Thanks, Ryan. Yeah, it’s, as you’ve noted, this is very much an industry issue as it relates to the regional service providers in that the economic and world — macroeconomic issues across the world and inflation and the like are causing some other regional service providers to readdress their CapEx as they’ve announced over the course of really the last month.
And as you stated, that seemed with the fact that they did place a significant just in case inventory position last year that I think they even came to better understand as we came into the beginning of the build season, because we started to — and our conversations with them in February and March and April, there was definitely a different tune to what they were doing.

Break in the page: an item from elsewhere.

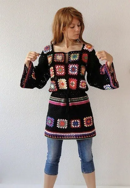 Платье-туника из бабушкиных квадратов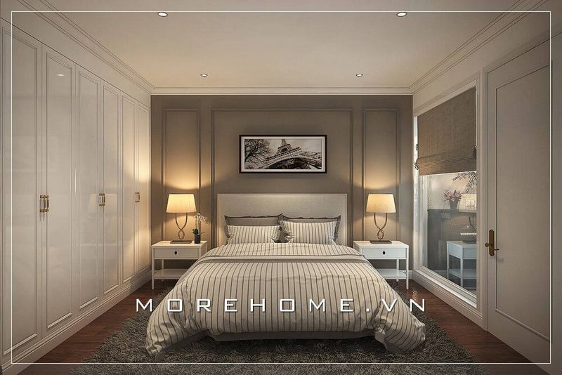 Một mẫu thiết kế nội thất hiện đại cho nhà phố, bao gồm tủ quần áo kích trần âm tường, được xem là một giải pháp hiệu quả để sử dụng trong không gian phòng ngủ nhỏ.

Long-term absolute commitment to broadband, and as many others in the industry have talked about, today and over the last week, is we see a strong return to broadband deployment in the latter half of the year. It’s just unfortunate for Clearfield that our latter half of the year is not that far away, since our year-end happens in September.
The EMEA with community broadband and comparison to the regional service providers, is a little less inventory intense. There’s some pockets out there, but mostly what we see there is a world in which there are so many more community broadband providers at a smaller scale, that there’s just a number of them that are starting to ramp up that are starting their deployments. And our ability to have such a broad range of customers is really shows the strength of our business, in community broadband.

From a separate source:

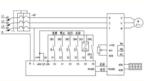 变频器多项对输出的保护功能使我们无须对电动机另加保护环节,直接接于变频器的输出端子上即可。针对变频器的输入端保护相对较为薄弱,在输入端加上无熔丝断路器,如图中的QF。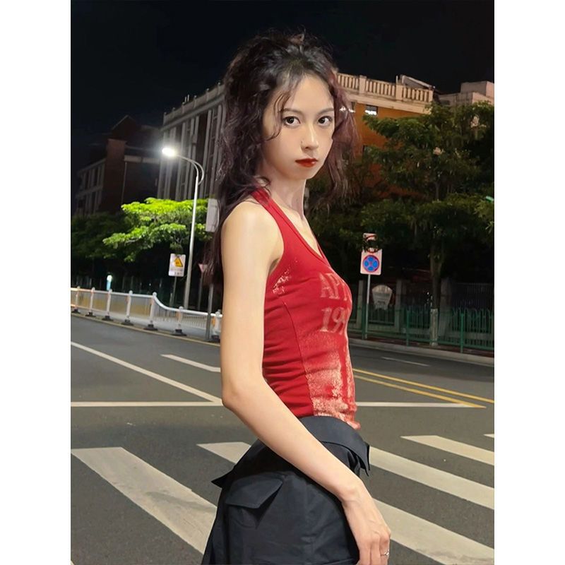 美式辣妹挂颈吊带背心外穿修身显瘦短款热辣上衣欧美

I think in in all of the areas, you’re seeing issues associated with labor, we’ve been told that’s getting better, but incrementally, not overnight. And the other thing that is emerging, less so in community broadband, but absolutely within the regional providers is challenges associated with permitting. And permitting is related not only to them being a single provider, but I’m hearing stories of of multiple providers going into a market. And as a result, the cities and communities who are providing permits are just overrun with trying to be able to respond effectively.
So I think there’s a changing world a changing dynamic that’s kind of going to have to work itself through. And — but we’re excited and remain excited about our ability to execute within it is just unfortunately, very bumpy.

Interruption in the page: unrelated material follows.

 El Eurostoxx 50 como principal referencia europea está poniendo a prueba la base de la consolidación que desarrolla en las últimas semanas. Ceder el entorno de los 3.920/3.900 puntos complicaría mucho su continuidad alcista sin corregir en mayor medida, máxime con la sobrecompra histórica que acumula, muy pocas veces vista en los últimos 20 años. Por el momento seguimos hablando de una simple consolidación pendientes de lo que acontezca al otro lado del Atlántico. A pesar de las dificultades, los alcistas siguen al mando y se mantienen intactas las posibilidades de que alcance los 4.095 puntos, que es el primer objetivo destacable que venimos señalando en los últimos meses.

Understood, just a quick follow if I could around the ARPA contribution. Are you still seeing momentum there? Is there also a similar pause going on in the area, that these ARPA words that seem to be a nice steady stream of awards over the last few months?
Right, we’re seeing that for the summer, that will kind of see the revenues associated with that and community broadband, small orders and our smaller providers, a couple, they’re not going to be passing 10,000 homes this year. But those awards are going to communities that are passing 3,000 homes here 2,000 homes there. But they all add up and we’re excited that we’re working with our district — directly with some of those accounts and very much through distribution as well.
Got it. Alright, I’ll pass on to the queue. Thank you.
Our next question comes from Jason Schmidt with Lake Street please go ahead.
Hey guys, this is Max author, Jason. Just in terms of the guide. I want to get your cadence for the next couple of quarters. In other words, when should investors — which we think see a trough and revenue?
We anticipate the next couple of quarters will be pretty consistent with each other. So it’ll drop some current conditions, the third quarter and then third and fourth quarter we think will be pretty consistent with each other. At this point the bill season, the higher bill season, and so as a result is we tend to see some nice momentum already, which we haven’t unfortunately picked up in March and April. We’re looking for that in May and June and because of the lead times now shrinking drastically. That should work out just fine. Hope that answers your question.
No, it does. Thank you. And then I just want to clear something up. So you’ve mentioned that GM, you expect gross margin, you expect to be 30%? Is that for the next two quarters? Or do you expect the entire fiscal year ’23 gross margin to end up at 30%?
Yeah, no, that’s cumulative. So obviously, third and fourth quarter will be less than that.
Okay, thank you. That’s it for me, guys.
Our next question comes from Tim Savage with Tim Savageaux with Northland Capital Markets. Please go ahead.
Hi, good afternoon. A couple of questions. As you look at your kind of reclass, you’re going to assume you took Lumen [ph] out of national carrier and insert to regional. But now if we look at that particular segment of revenue, I mean, should we consider that effectively going to de minimis levels immaterial levels, the next couple of quarters as as a primary driver of the revenue decline?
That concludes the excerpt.